* Activity:
Pictures are to be dropped. Everything else in the listing gets copied exactly.

(Provided material begins)

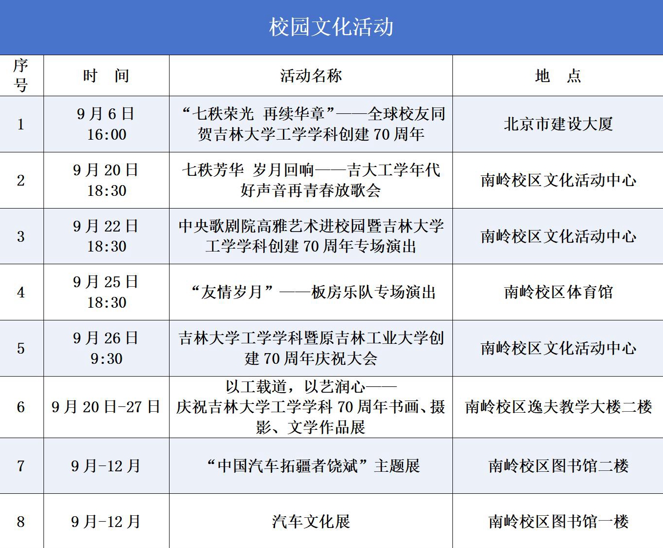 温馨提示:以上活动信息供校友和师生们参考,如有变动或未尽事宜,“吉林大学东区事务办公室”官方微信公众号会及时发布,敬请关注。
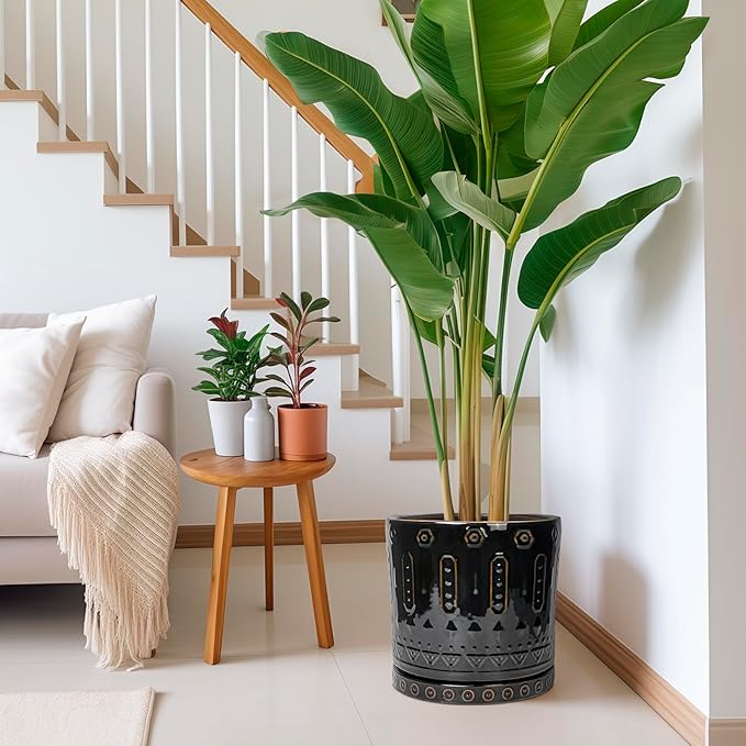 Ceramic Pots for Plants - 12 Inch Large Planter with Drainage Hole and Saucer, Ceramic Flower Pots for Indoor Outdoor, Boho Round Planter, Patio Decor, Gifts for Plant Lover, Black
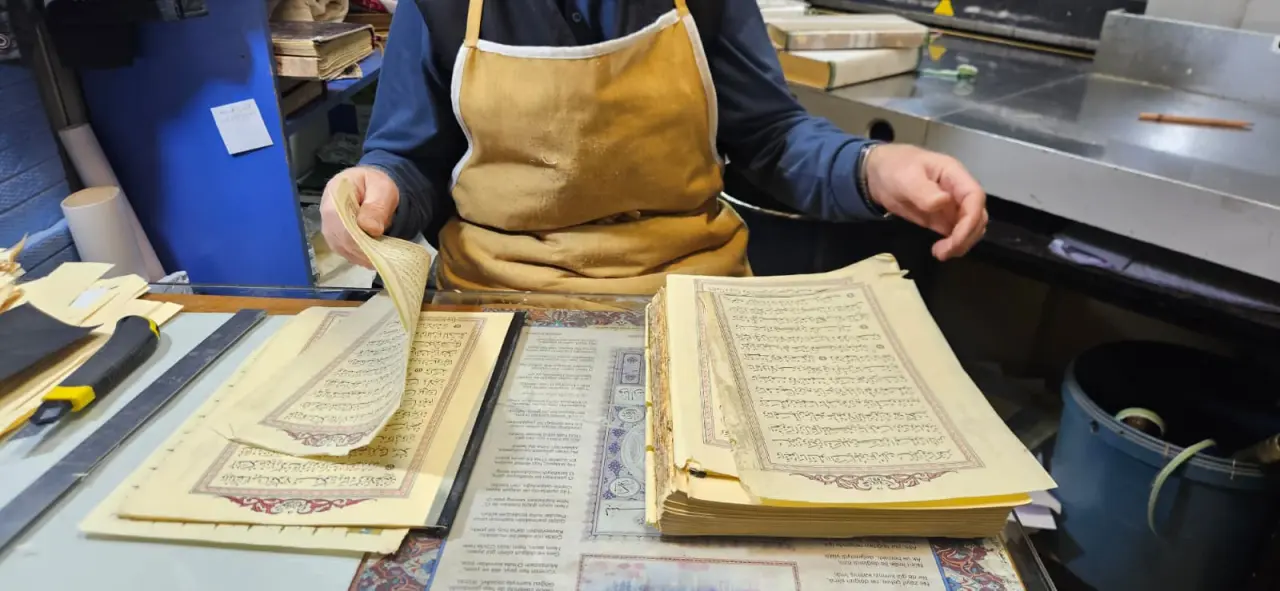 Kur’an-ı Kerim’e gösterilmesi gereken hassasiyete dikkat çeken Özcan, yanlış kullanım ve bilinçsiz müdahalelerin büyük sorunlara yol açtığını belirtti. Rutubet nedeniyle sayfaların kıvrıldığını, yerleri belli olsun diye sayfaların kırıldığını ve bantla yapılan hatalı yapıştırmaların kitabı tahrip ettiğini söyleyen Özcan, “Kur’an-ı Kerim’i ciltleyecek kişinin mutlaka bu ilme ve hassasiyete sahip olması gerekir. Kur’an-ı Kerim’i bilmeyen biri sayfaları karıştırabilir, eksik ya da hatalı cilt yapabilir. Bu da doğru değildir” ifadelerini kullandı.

(Provided material ends)

* Reply to the task:
 温馨提示:以上活动信息供校友和师生们参考,如有变动或未尽事宜,“吉林大学东区事务办公室”官方微信公众号会及时发布,敬请关注。
 Ceramic Pots for Plants - 12 Inch Large Planter with Drainage Hole and Saucer, Ceramic Flower Pots for Indoor Outdoor, Boho Round Planter, Patio Decor, Gifts for Plant Lover, Black
 Kur’an-ı Kerim’e gösterilmesi gereken hassasiyete dikkat çeken Özcan, yanlış kullanım ve bilinçsiz müdahalelerin büyük sorunlara yol açtığını belirtti. Rutubet nedeniyle sayfaların kıvrıldığını, yerleri belli olsun diye sayfaların kırıldığını ve bantla yapılan hatalı yapıştırmaların kitabı tahrip ettiğini söyleyen Özcan, “Kur’an-ı Kerim’i ciltleyecek kişinin mutlaka bu ilme ve hassasiyete sahip olması gerekir. Kur’an-ı Kerim’i bilmeyen biri sayfaları karıştırabilir, eksik ya da hatalı cilt yapabilir. Bu da doğru değildir” ifadelerini kullandı.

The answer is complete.